* **Dataset content**
+ + +

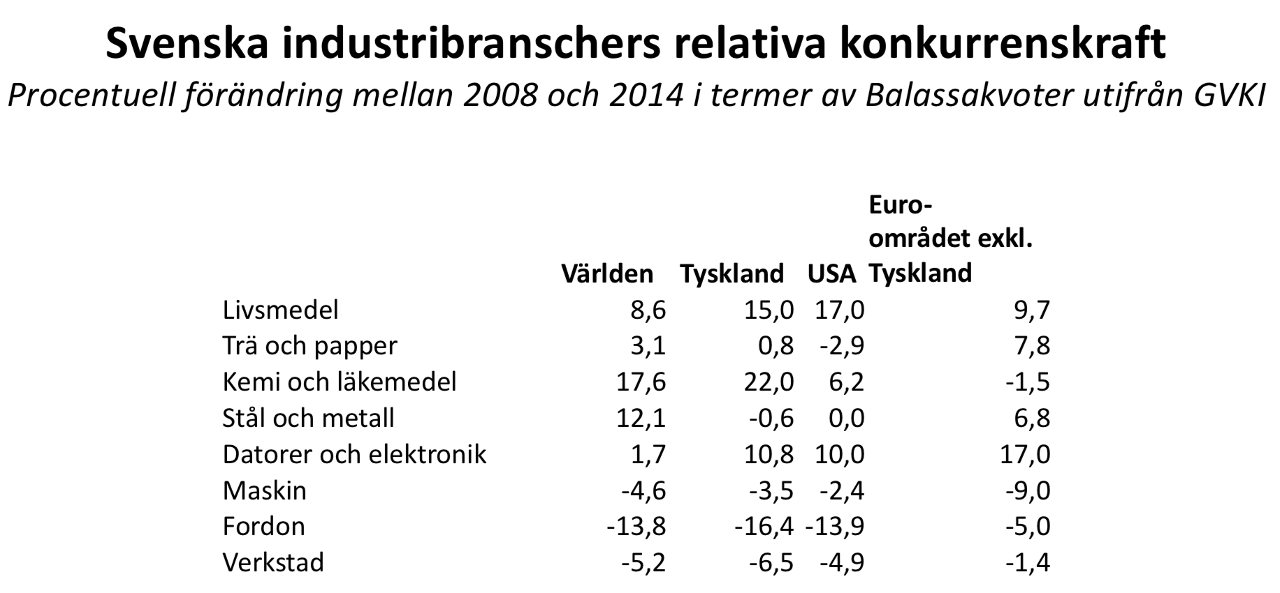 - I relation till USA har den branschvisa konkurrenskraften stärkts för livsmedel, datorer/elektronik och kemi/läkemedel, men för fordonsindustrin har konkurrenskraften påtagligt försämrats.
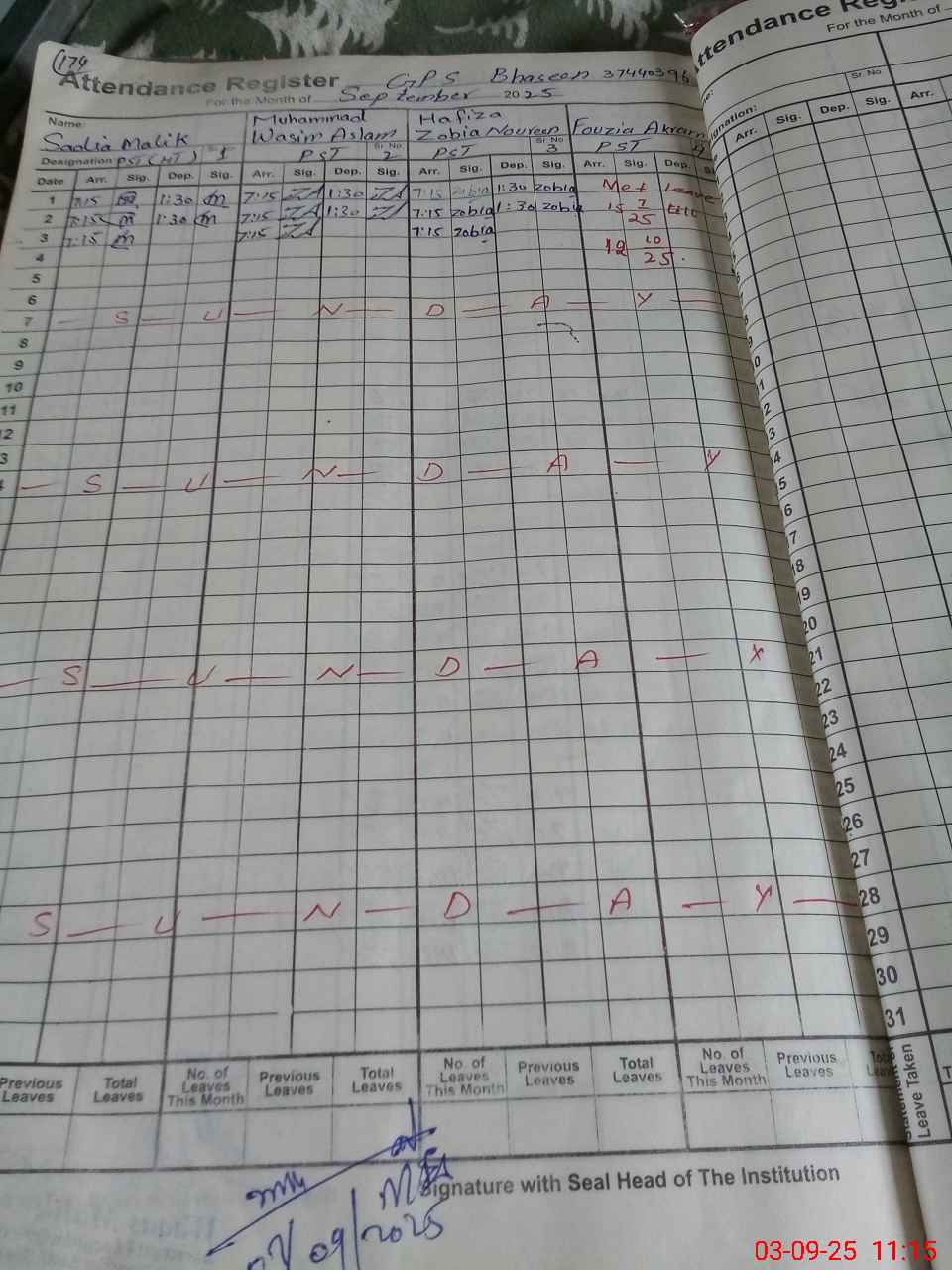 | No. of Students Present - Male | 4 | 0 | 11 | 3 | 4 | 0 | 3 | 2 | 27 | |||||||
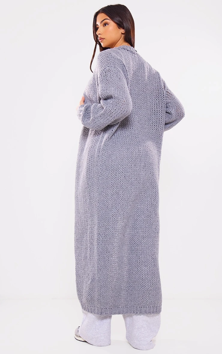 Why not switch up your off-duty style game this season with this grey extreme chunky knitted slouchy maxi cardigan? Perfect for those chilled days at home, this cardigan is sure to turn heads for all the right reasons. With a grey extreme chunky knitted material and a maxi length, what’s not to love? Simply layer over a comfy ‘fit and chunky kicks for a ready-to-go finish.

+ + +

* **Exercise instructions**
Repeat the lines exactly as they stand, from the opening line of the data through the line with "No. of Students". Pictures stay out of the copy.

* **Result of the exercise**
 - I relation till USA har den branschvisa konkurrenskraften stärkts för livsmedel, datorer/elektronik och kemi/läkemedel, men för fordonsindustrin har konkurrenskraften påtagligt försämrats.
 | No. of Students Present - Male | 4 | 0 | 11 | 3 | 4 | 0 | 3 | 2 | 27 | |||||||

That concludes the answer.